Next Exercises


Having implemented your first concept exercise, the next few exercises should build on that.

We like to have three to five exercises that have no prerequisites other than the basics concept.

Good options are the core primitives or data types of your language. E.g. booleans, basic numeric types, strings, and atoms.

It's worth checking other tracks' concept exercises to see if there are any that are appropriate for your track.

Note that introducing a concept doesn't mean that you need to explain it fully in all its glory. You can always defer complexity. The language might have a dozen different numeric types that are useful in different scenarios. The exercise can simply mention that there are others while introducing only the most commonly used integer type and most commonly used floating-point type.

Some core data types are too complex to introduce directly.

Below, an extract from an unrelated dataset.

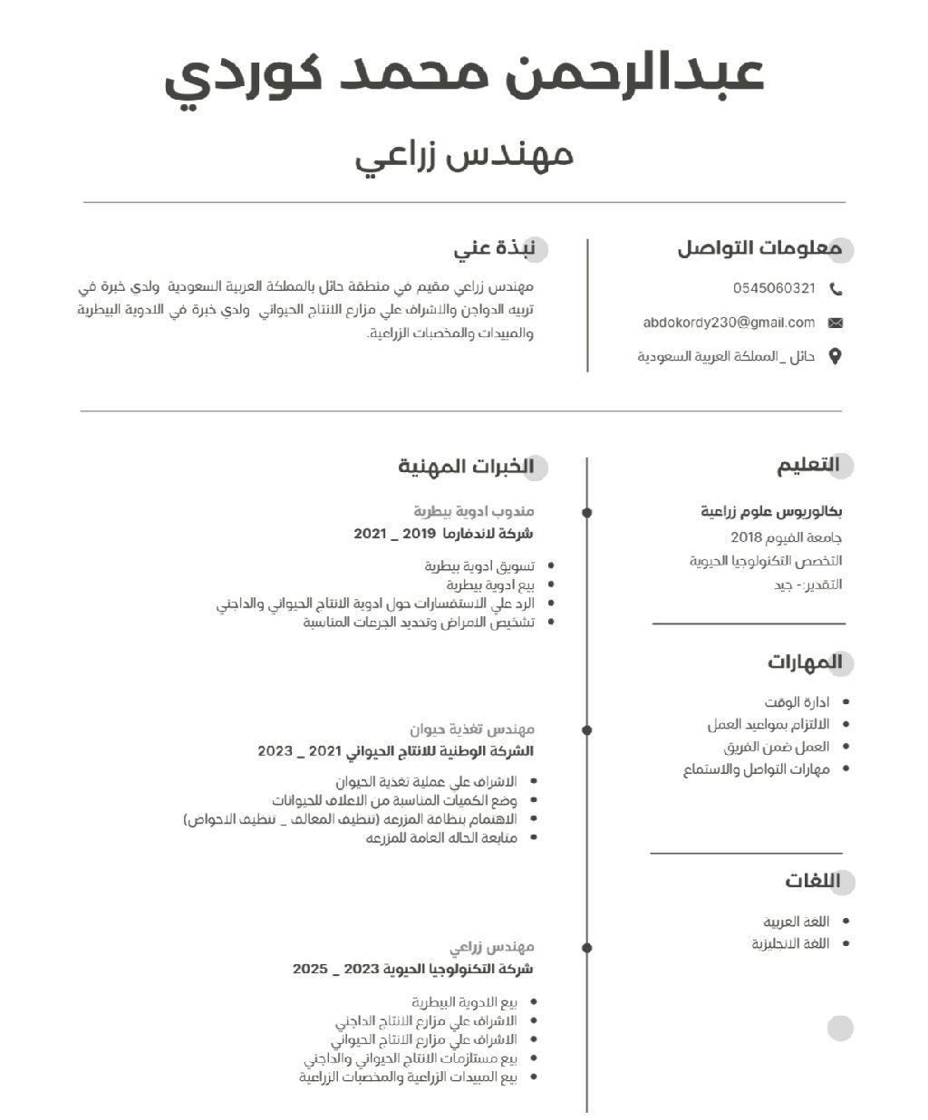 مهندس زراعي لدي خبرة سنتين في مجال المبيدات الزراعية

For example strings might be lists of chars. In such a case you would need to defer the introduction of strings, and design a concept exercise for chars and another for lists. Then you can add an exercise for strings that has both of those exercises as prerequisites.

Sometimes while working on an exercise you will realize that it's more complex than you expected. That's totally fine. Make a note of the concept that needs to be taught as a prerequisite. Then pretend that such an exercise exists, and finish the exercise you're working on with that simplification in mind. Then go back and create a new exercise for the prerequisite concept. Remember to mark the exercise as wip until the prerequisite exercise has been added.

Another thing that can happen at this point is that you find that you have cyclical dependencies. You need to introduce two concept, but each concept relies on the other. In this case you may be able to use a stub. Then you can explain that the dependent concept exists, but reassure them that they don't need to understand it yet. Another option would be to give a bare minimum of an introduction, enough for the student to get past the hurdle, while reassuring that the concept will be covered in more depth later.

Foregone exercises

If you choose not to implement an exercise because it doesn't fit your track (e.g. a low-level exercise for a high-level track), please mark it as foregone. To do so, add the exercise's slug to the exercises.foregone array in your track's config.json file.

Besides making your choice to not implement an exercise explicit, any tooling (such as configlet) will also ignore foregone exercises.